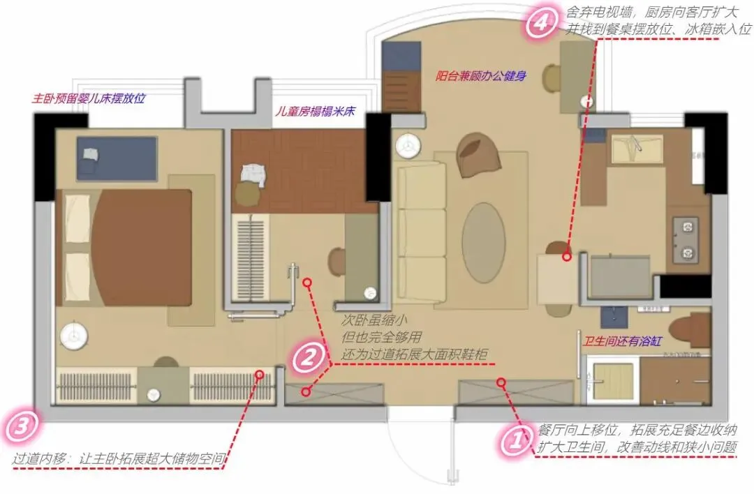 可以看到,因为扩大过道,而缩小面积的次卧(儿童房)空间依然够用。
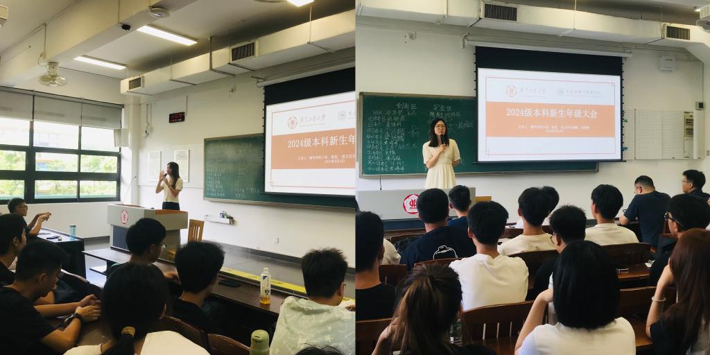 于教1-318召开新生年级大会,辅导员章莹,新生班主任王樟新、吴国钟及全体2024级本科新生参加,新生辅导员欧少珍主持会议。
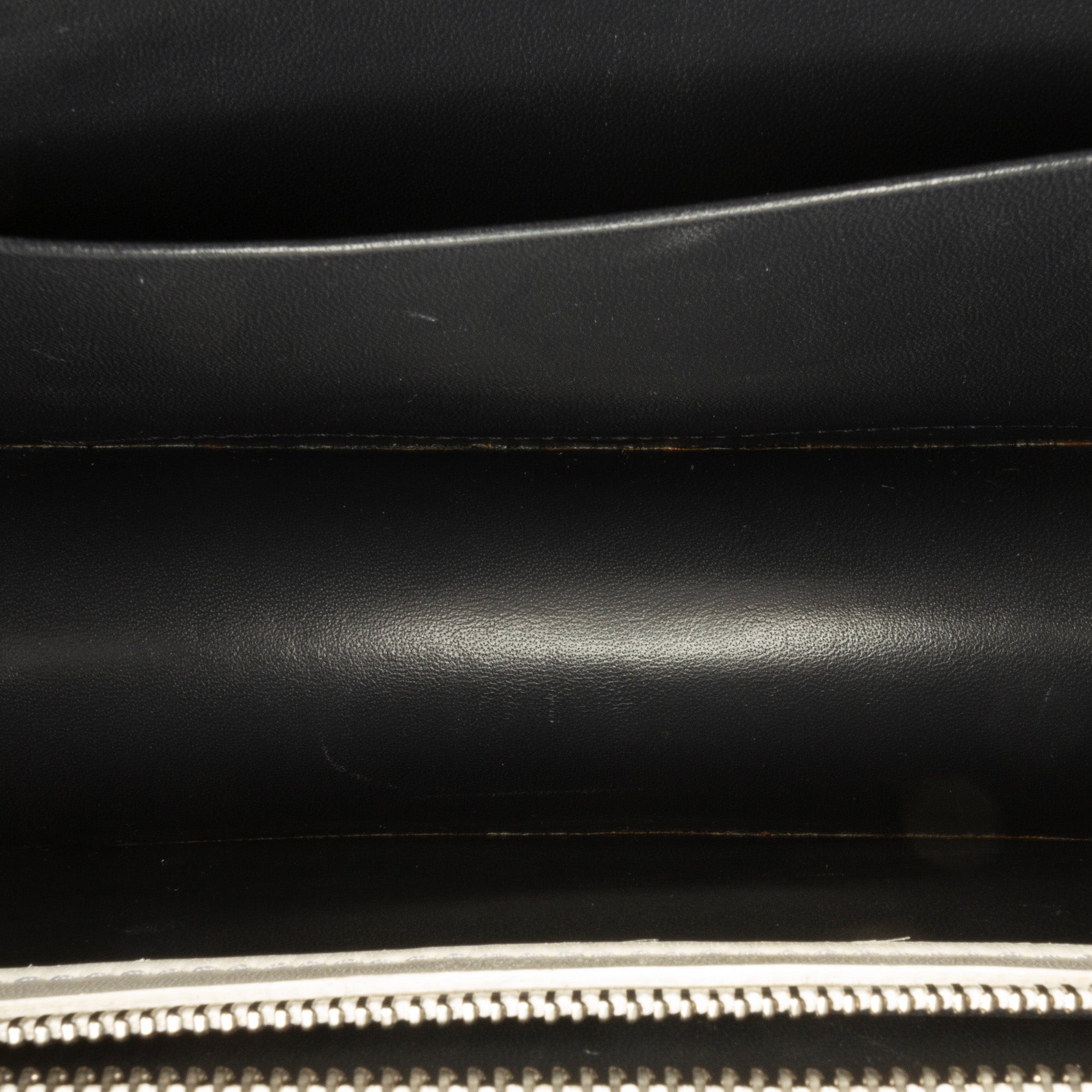 This wallet on chain features a patent leather body, a silver-tone chain shoulder strap with leather guard, a front flap with a push lock closure, and interior zip and slip pockets. Inclusion: Dust bag, authenticity card. Retail Price: 2835.00
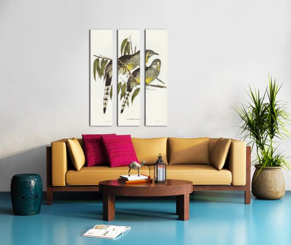 Graeat Wattled Honey-eater Anthochaera inauris illustrated by Elizabeth Gould 1804–1841 for John Gould’s 1804-1881 Birds of Australia  Canvas print
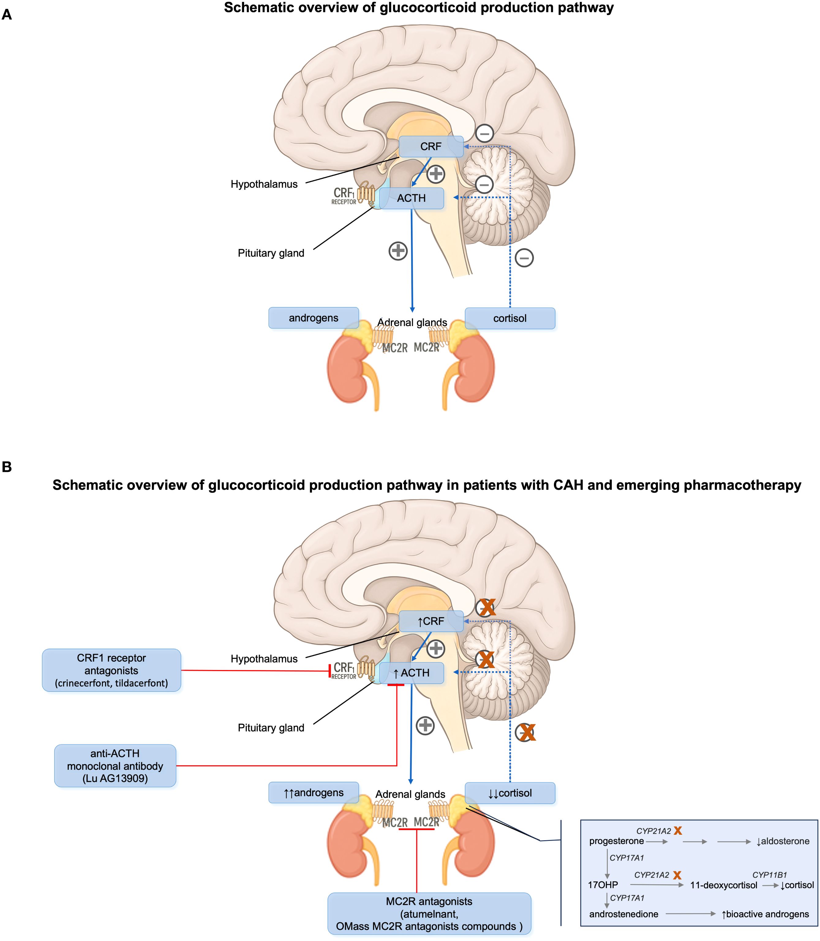 Figure 1. (A) Hypothalamic-pituitary-adrenal (HPA) axis and its hormonal regulation in normal humans. (B) HPA axis and its hormonal regulation in patients with congenital adrenal hyperplasia (CAH) due to 21-hydroxylase deficiency. ACTH, adrenocorticotropic hormone. CRF, corticotropin-releasing factor. MC2R, melanocortin type 2 receptor.
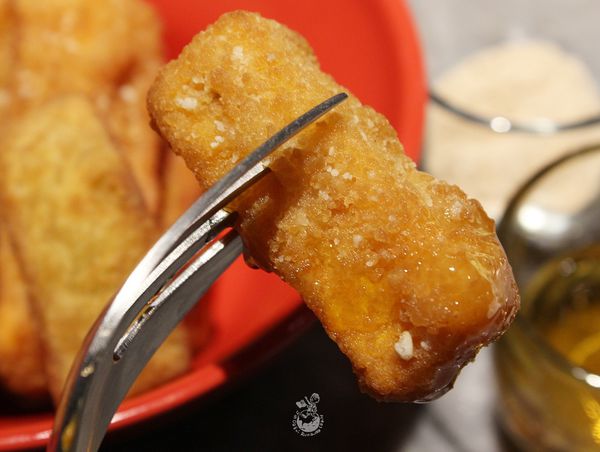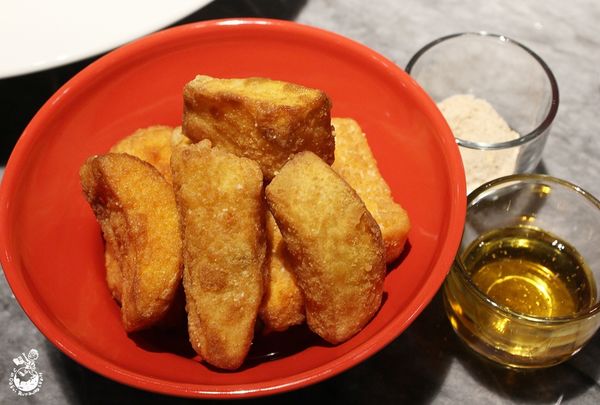 炸蕃薯仔有附蜂蜜和自製梅粉兩種沾醬,友人覺得蕃薯佐蜂蜜很有創意,梅粉是鹹酸的,不管蕃薯仔和哪種醬料結為連理一同入口都美拍呷 !
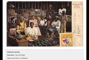 Grupo de personas de ascendencia afroantillano reunidos afuera del Mercado Público de la Ciudad de Colón en 1905.
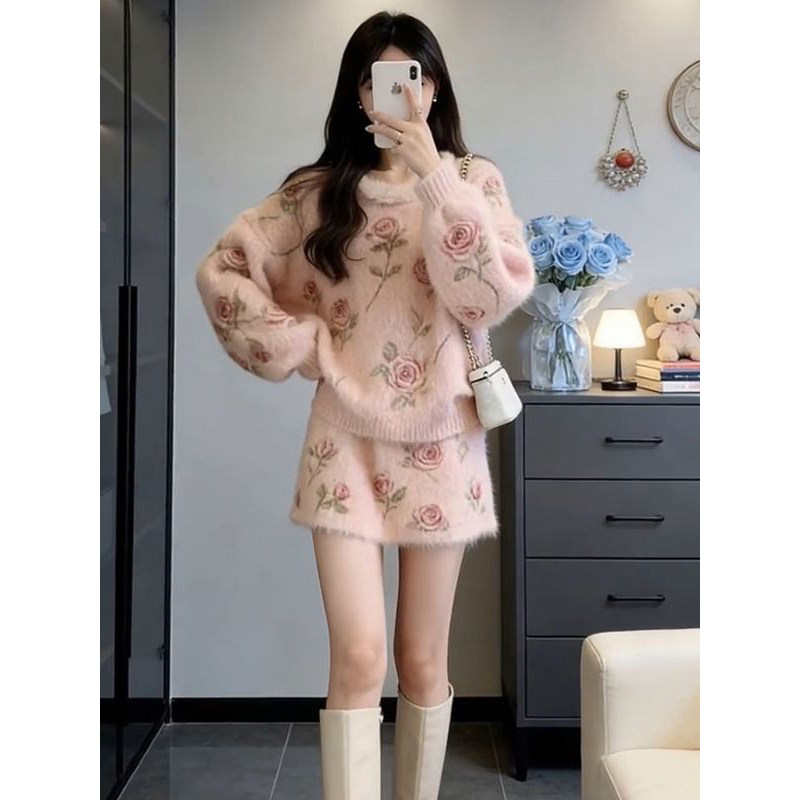 韩式温柔千金风玫瑰毛绒软糯针织套头毛衣衫搭配包臀短裙两件套装
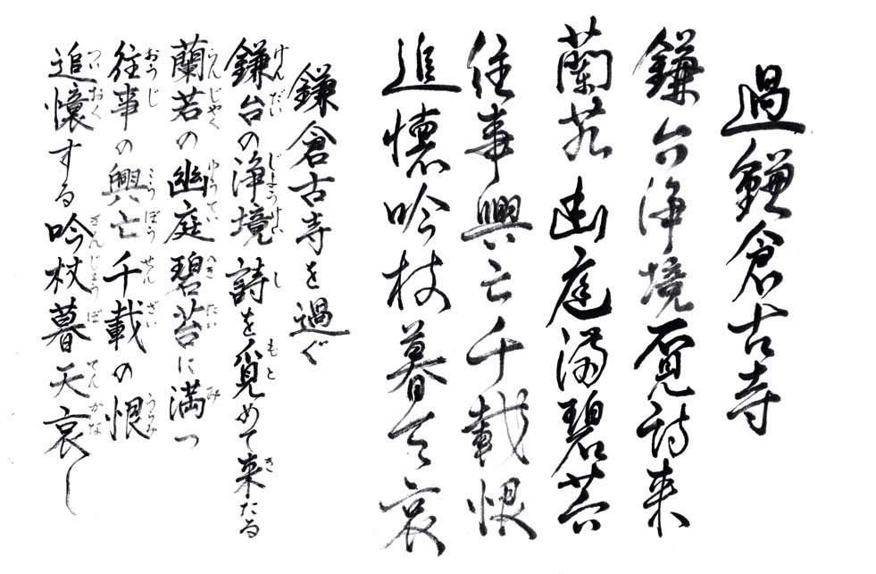 上平声十灰ノ韻 鎌台 : 鎌倉 浄境 : 静かで清められたところ 蘭若 : 寺 (大意) 詩を作るために静かな鎌倉の寺へと来てみた 静かな寺の庭には緑の苔が充ちている ここには往年の興亡の怨みが幾重にも積み重なっている 昔を偲みながら詩を作っているといつか夕方になっていた
--
▶ _Activity_:
Copy out the listing above from the line containing "Graeat Wattled Honey-eater" to the line containing "韩式温柔千金风玫瑰毛绒软糯针织套头毛衣衫搭配包臀短裙两件套装", both included, exactly as written and minus the images.

▶ _Your solution_:
 Graeat Wattled Honey-eater Anthochaera inauris illustrated by Elizabeth Gould 1804–1841 for John Gould’s 1804-1881 Birds of Australia  Canvas print
 Figure 1. (A) Hypothalamic-pituitary-adrenal (HPA) axis and its hormonal regulation in normal humans. (B) HPA axis and its hormonal regulation in patients with congenital adrenal hyperplasia (CAH) due to 21-hydroxylase deficiency. ACTH, adrenocorticotropic hormone. CRF, corticotropin-releasing factor. MC2R, melanocortin type 2 receptor.
 炸蕃薯仔有附蜂蜜和自製梅粉兩種沾醬,友人覺得蕃薯佐蜂蜜很有創意,梅粉是鹹酸的,不管蕃薯仔和哪種醬料結為連理一同入口都美拍呷 !
 Grupo de personas de ascendencia afroantillano reunidos afuera del Mercado Público de la Ciudad de Colón en 1905.
 韩式温柔千金风玫瑰毛绒软糯针织套头毛衣衫搭配包臀短裙两件套装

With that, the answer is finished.